- INSTRUCTIONS TO FOLLOW: Everything from the first line of the data below through the line that contains "We have no plans" should be written out exactly, please, and nothing more; the pictures stay out.

(STUDY MATERIAL begins)

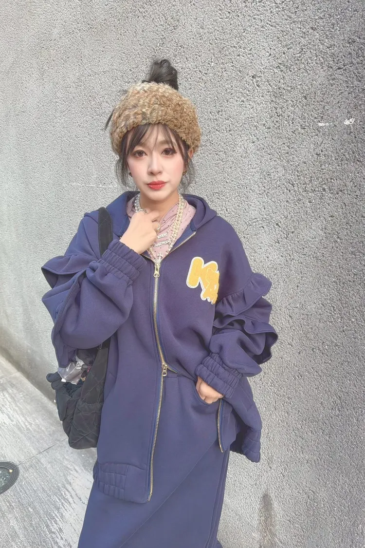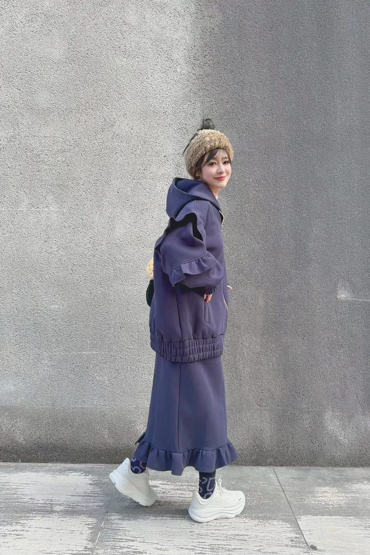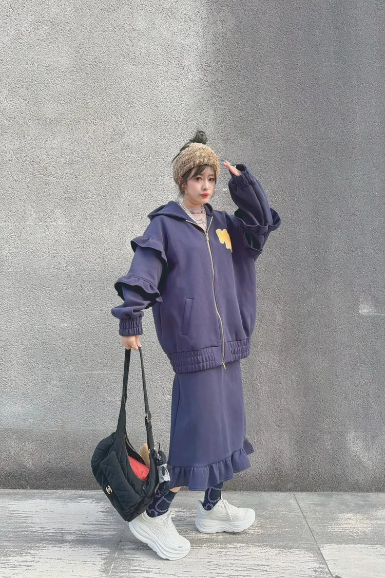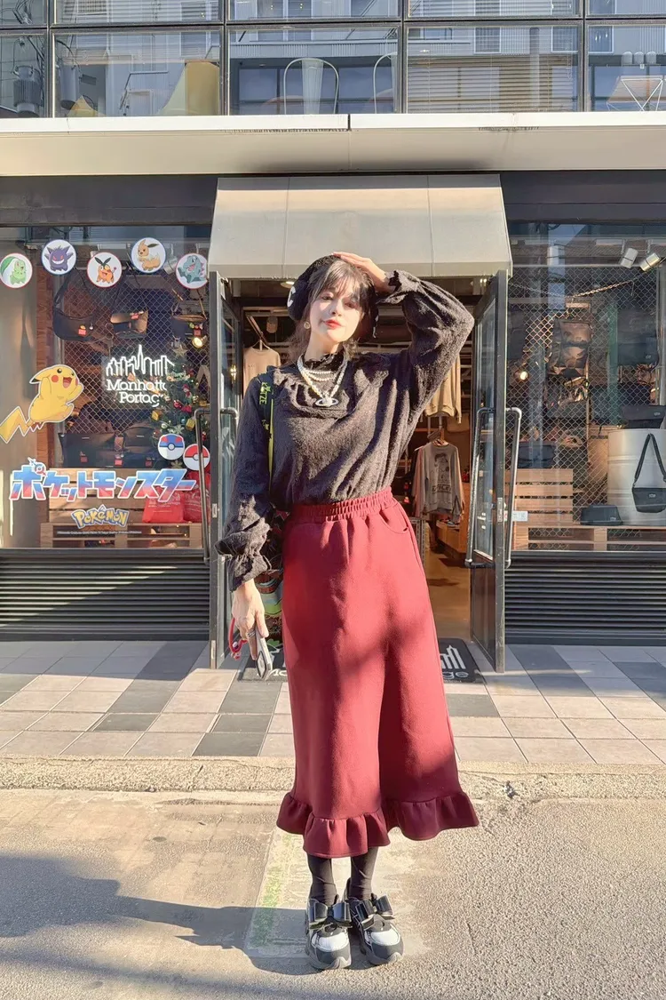 KATZE限量原創款-LOGO重磅荷葉邊開岔口袋裙2色
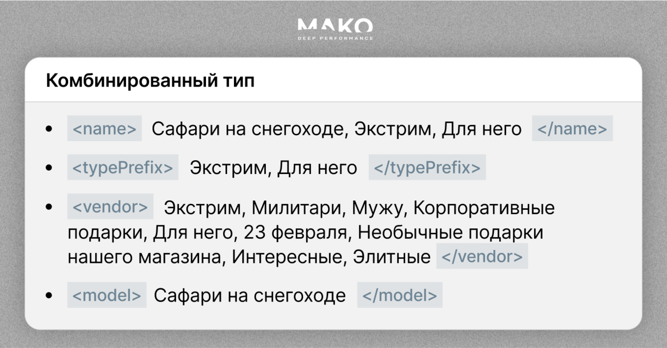 Вот какие элементы названия товара использовали в комбинированном типе фида по категории «сафари на снегоходе»:
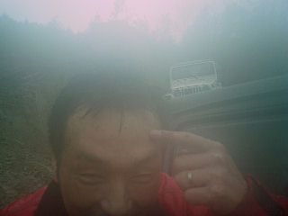 横転の拍子に、工具がおでこに落下して負傷(笑)流血
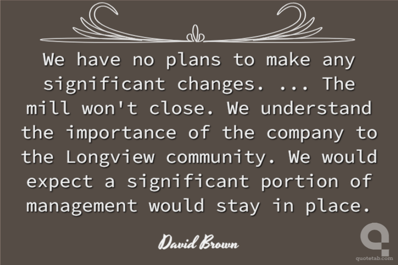 We have no plans to make any significant changes. ... The mill won't close. We understand the importance of the company to the Longview community. We would expect a significant portion of management would stay in place. David Brown
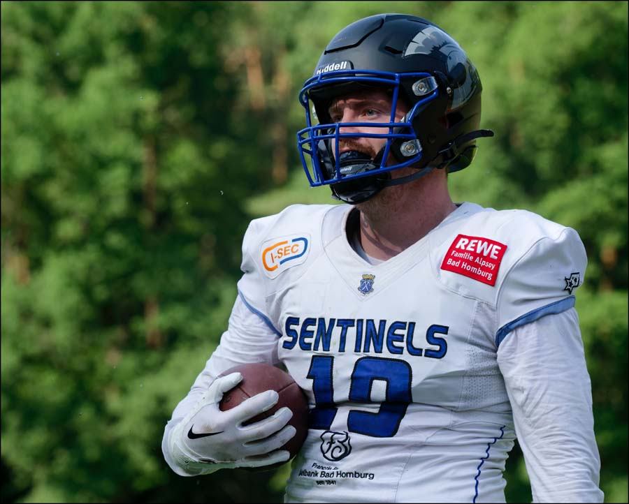 Auf beiden Seiten hatte man mit einigen Ausfällen zu kämpfen. Der Unterschied war, dass die Sentinels trotzdem mit 45 Spielern in die Pfalz gereist waren, während der Gastgeber mit 24 Spielern antreten musste. Entsprechend ist auch die Geschichte zum Spiel schnell erzählt. Bereits nach dem ersten Quarter stand es 21:0. Touchdown-Läufe durch Runningback Kai Wyrwal und ein Pass in die Endzone von Liam Müller auf Hendrik Schwarz sorgten früh für klare Verhältnisse. Die Defense überzeugte ebenfalls mit Turnover durch Adrian Deschner und Rashad Greene, der als einziger der vier Amerikaner aktiv war. In den zweiten 12 Minuten dann das selbe Bild. Spielmacher Müller auf Kevin Klemm, Runningback Amine Akrouni und erneut der Pass auf Schwarz, erhöhten noch vor der Pause auf 42:0 - mit erfolgreichen Extrapunkten durch Jamie McCulley. Die Verteidigung steuerte eine weitere Interception durch Christian Wombacher bei.
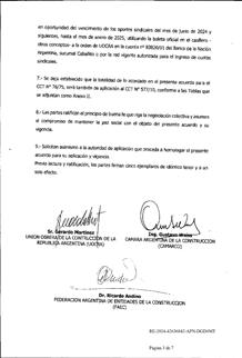 El 12 de enero de 2026, la Unión Obrera de la Construcción de la República Argentina (UOCRA), la Cámara Argentina de la Construcción (CAMARCO) y la Federación Argentina de Entidades de la Construcción (FAEC) llegaron a un acuerdo paritario, el cual fue homologado por la Dirección Nacional de Relaciones y Regulaciones del Trabajo del Ministerio de Capital Humano el 15/01/26, en los siguientes términos: Se establece un incremento salarial que se aplicará a las distintas categorías previstas en el Convenio Colectivo de Trabajo CCT N° 76/75, el cual se otorgará de la siguiente manera: a) Un aumento en el mes de enero de 2026 del 2% (dos por ciento) que se aplicará sobre los salarios básicos vigentes al 31 de diciembre de 2025; b) Un aumento a partir del mes de febrero de 2026 del 1,8% (uno coma ocho por ciento) que se aplicará sobre los salarios básicos vigentes al 31 de enero de 2026. La totalidad de los porcentuales aquí previstos son acumulativos. Asimismo, se establece el pago de una suma mensual, de carácter no remunerativo, pagadera en los meses de enero de 2026 y febrero de 2026 para los trabajadores del mismo Convenio Colectivo, de la siguiente manera: el 50% será abonado juntamente con el pago de la primera quincena del mes del cual se trate y el 50% restante será abonado juntamente con el pago de la segunda quincena de dicho mes. El presente acuerdo salarial tiene vigencia hasta el 28 de febrero de 2026.
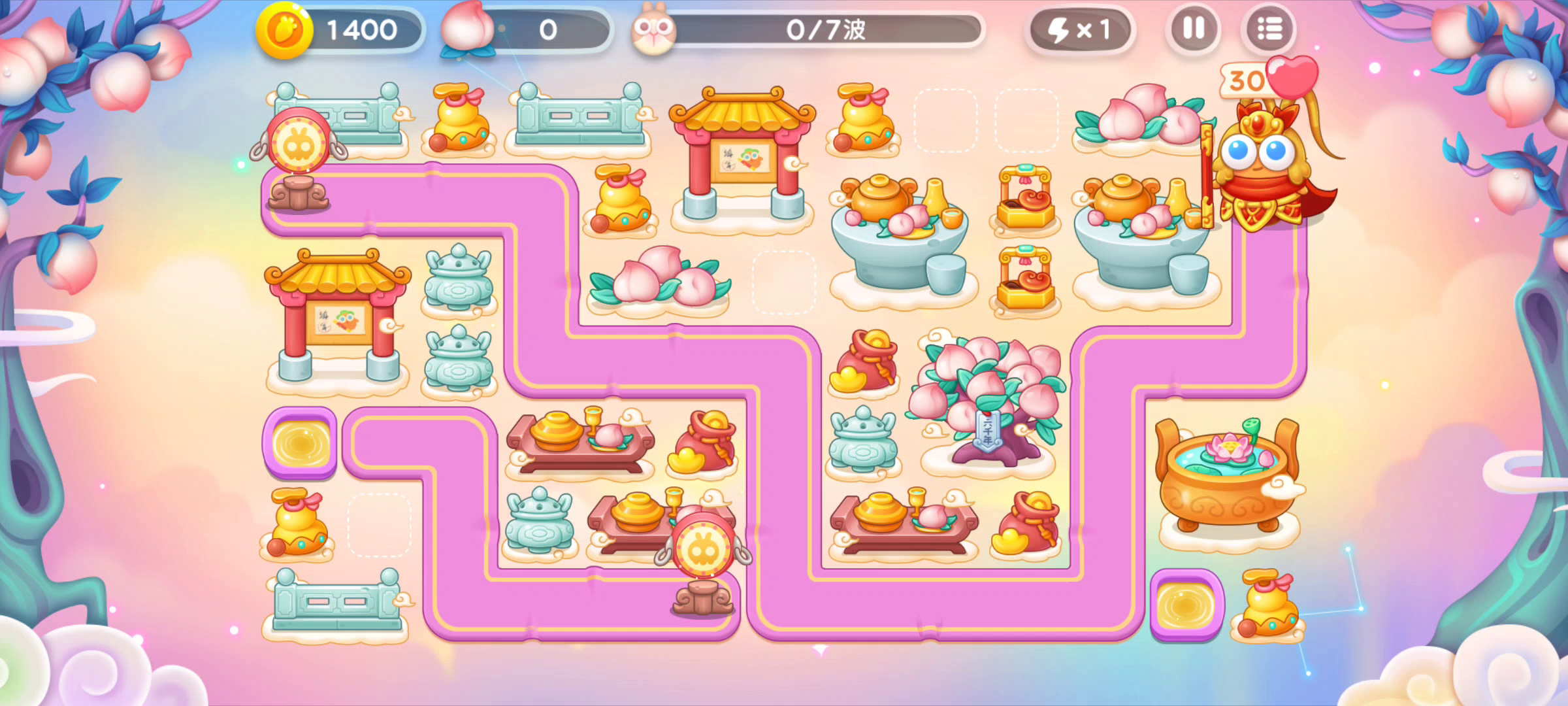 弓箭和火瓶子配合。前期多打蟠桃树。请选择性忘记战略的不完美。
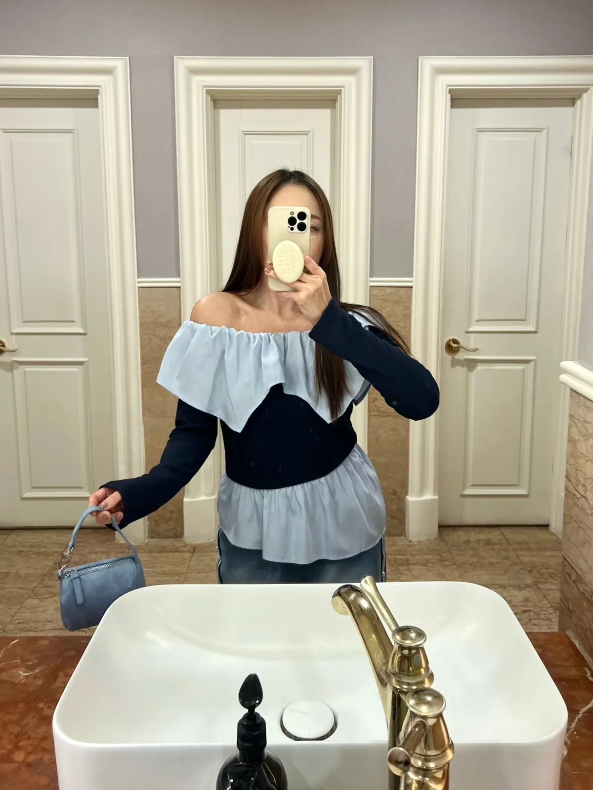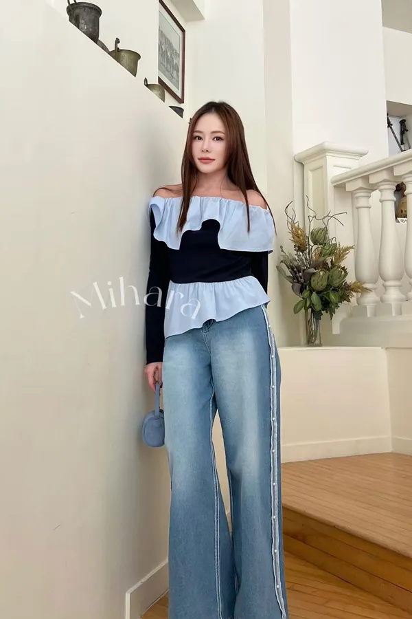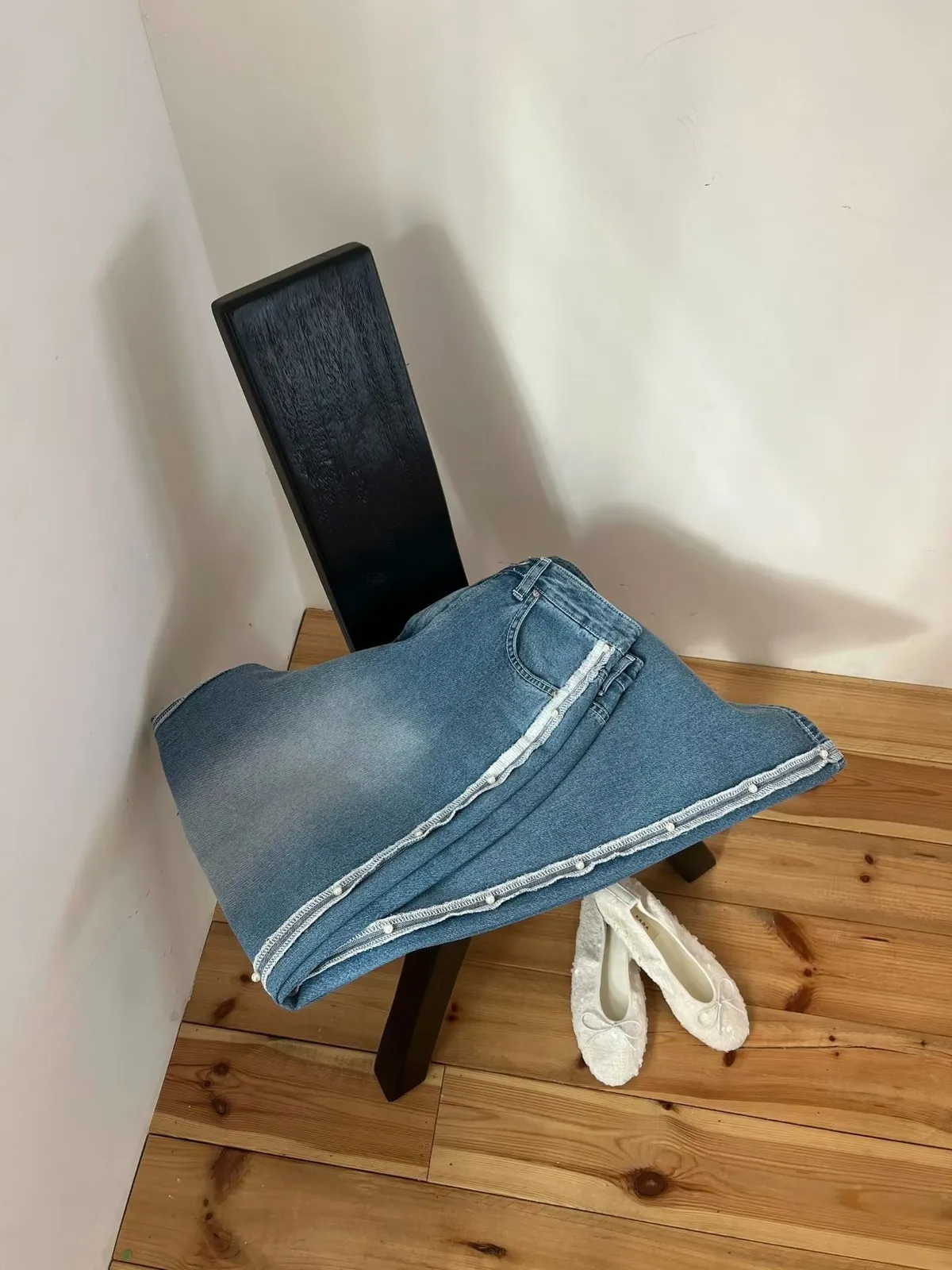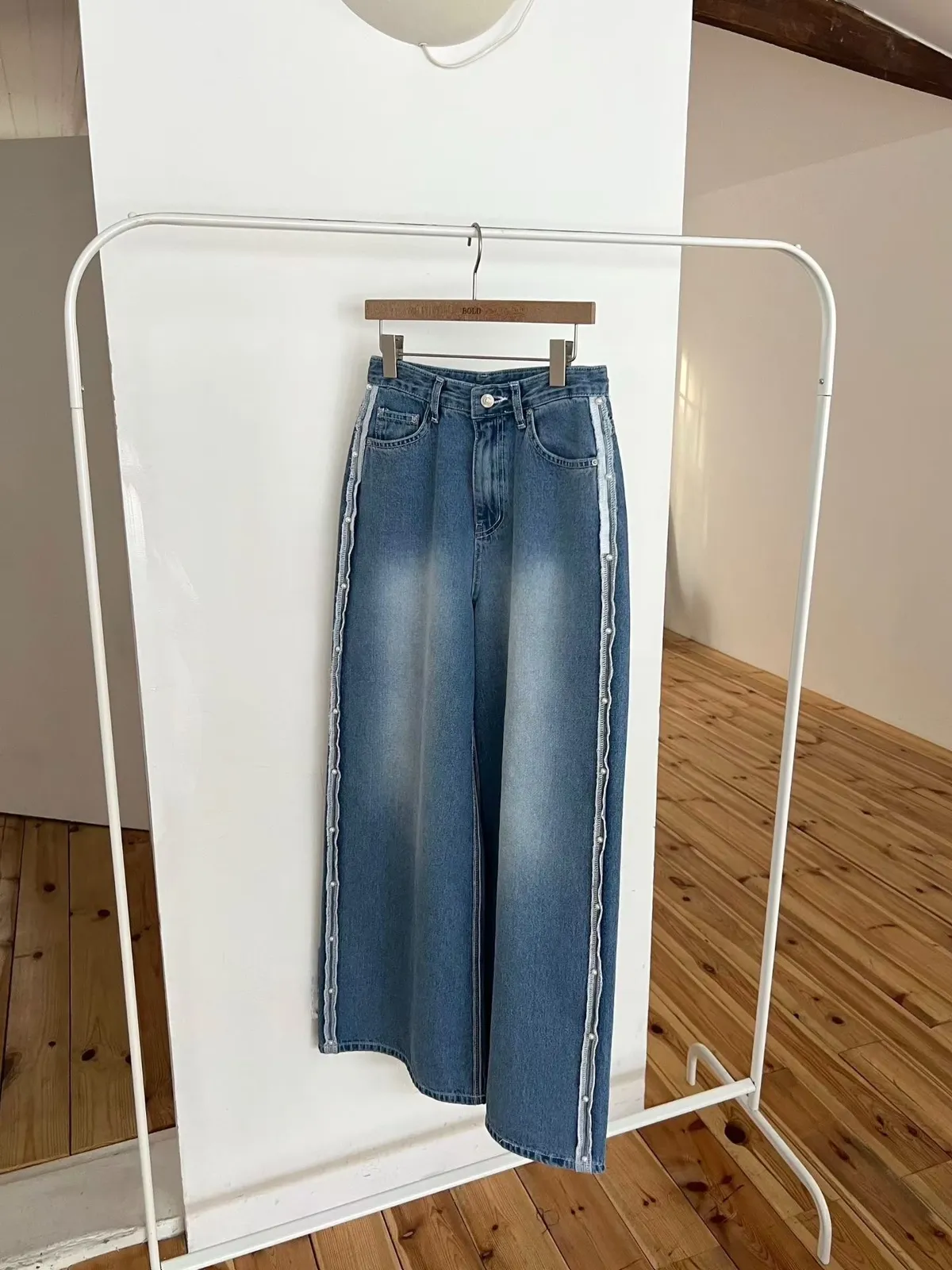 A52 0224設計家拼接珍珠直筒寬牛仔褲(S/M/L)

(STUDY MATERIAL ends)

- THE COMPLETED TASK:
 KATZE限量原創款-LOGO重磅荷葉邊開岔口袋裙2色
 Вот какие элементы названия товара использовали в комбинированном типе фида по категории «сафари на снегоходе»:
 横転の拍子に、工具がおでこに落下して負傷(笑)流血
 We have no plans to make any significant changes. ... The mill won't close. We understand the importance of the company to the Longview community. We would expect a significant portion of management would stay in place. David Brown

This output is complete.